→ **TASK INSTRUCTIONS**
From the line containing "Được làm từ" down to the final line of the entries below, return each line exactly and drop the pictures.
DATA below:
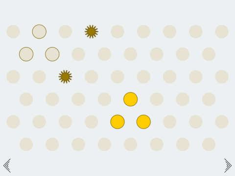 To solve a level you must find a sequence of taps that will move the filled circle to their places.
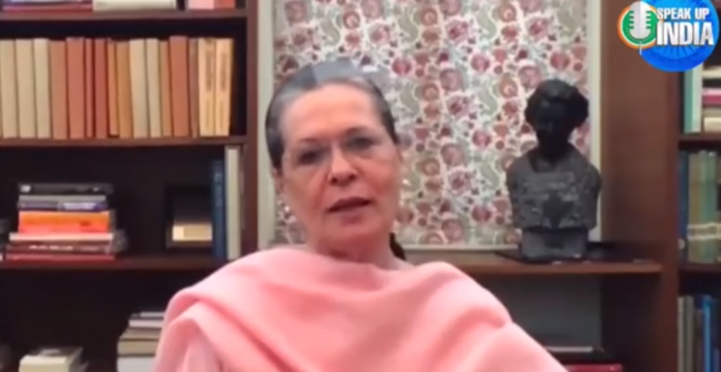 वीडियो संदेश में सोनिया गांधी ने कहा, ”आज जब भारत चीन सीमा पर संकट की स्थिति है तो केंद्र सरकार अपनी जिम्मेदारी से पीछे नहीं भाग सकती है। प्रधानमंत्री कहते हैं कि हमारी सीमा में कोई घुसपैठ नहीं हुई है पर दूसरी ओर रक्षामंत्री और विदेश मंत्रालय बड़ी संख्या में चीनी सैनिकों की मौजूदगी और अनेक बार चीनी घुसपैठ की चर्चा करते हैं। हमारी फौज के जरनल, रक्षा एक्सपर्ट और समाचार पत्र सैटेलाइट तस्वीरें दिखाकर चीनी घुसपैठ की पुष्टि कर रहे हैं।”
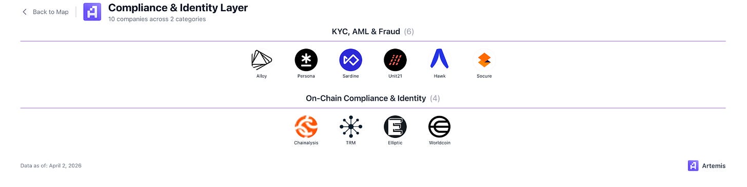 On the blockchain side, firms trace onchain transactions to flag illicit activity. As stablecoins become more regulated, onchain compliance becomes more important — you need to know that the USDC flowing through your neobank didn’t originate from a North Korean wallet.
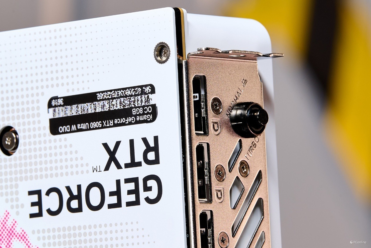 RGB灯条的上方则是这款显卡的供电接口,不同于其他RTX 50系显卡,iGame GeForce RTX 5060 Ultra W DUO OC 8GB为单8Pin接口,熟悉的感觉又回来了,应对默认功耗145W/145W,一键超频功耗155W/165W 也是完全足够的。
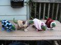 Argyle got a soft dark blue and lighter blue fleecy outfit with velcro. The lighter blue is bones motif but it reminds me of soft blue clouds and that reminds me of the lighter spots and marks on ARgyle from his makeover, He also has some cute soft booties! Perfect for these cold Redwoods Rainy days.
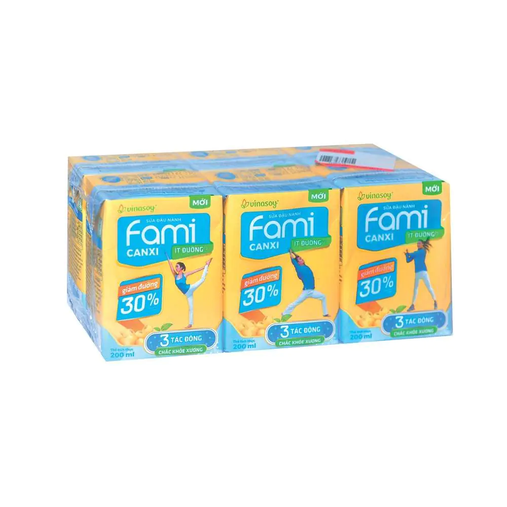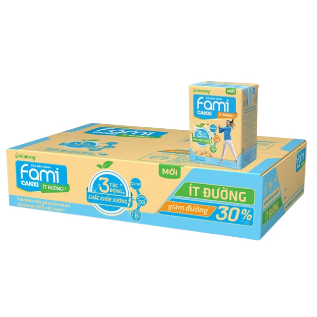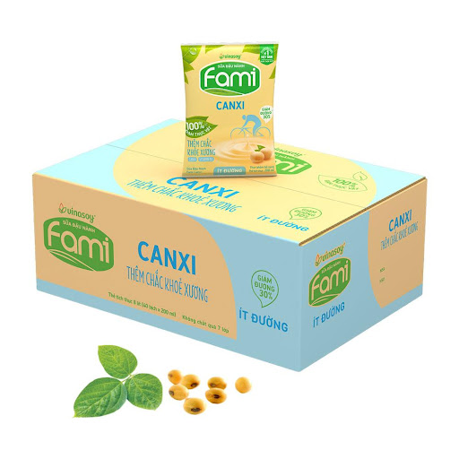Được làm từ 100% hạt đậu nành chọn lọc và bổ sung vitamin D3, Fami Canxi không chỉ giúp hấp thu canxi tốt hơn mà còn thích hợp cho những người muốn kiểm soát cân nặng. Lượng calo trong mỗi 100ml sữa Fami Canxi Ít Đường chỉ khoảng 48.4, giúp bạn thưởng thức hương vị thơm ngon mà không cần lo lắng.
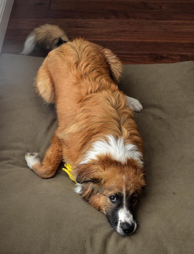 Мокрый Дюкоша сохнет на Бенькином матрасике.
End of DATA.
→ **OUTPUT**
Được làm từ 100% hạt đậu nành chọn lọc và bổ sung vitamin D3, Fami Canxi không chỉ giúp hấp thu canxi tốt hơn mà còn thích hợp cho những người muốn kiểm soát cân nặng. Lượng calo trong mỗi 100ml sữa Fami Canxi Ít Đường chỉ khoảng 48.4, giúp bạn thưởng thức hương vị thơm ngon mà không cần lo lắng.
 Мокрый Дюкоша сохнет на Бенькином матрасике.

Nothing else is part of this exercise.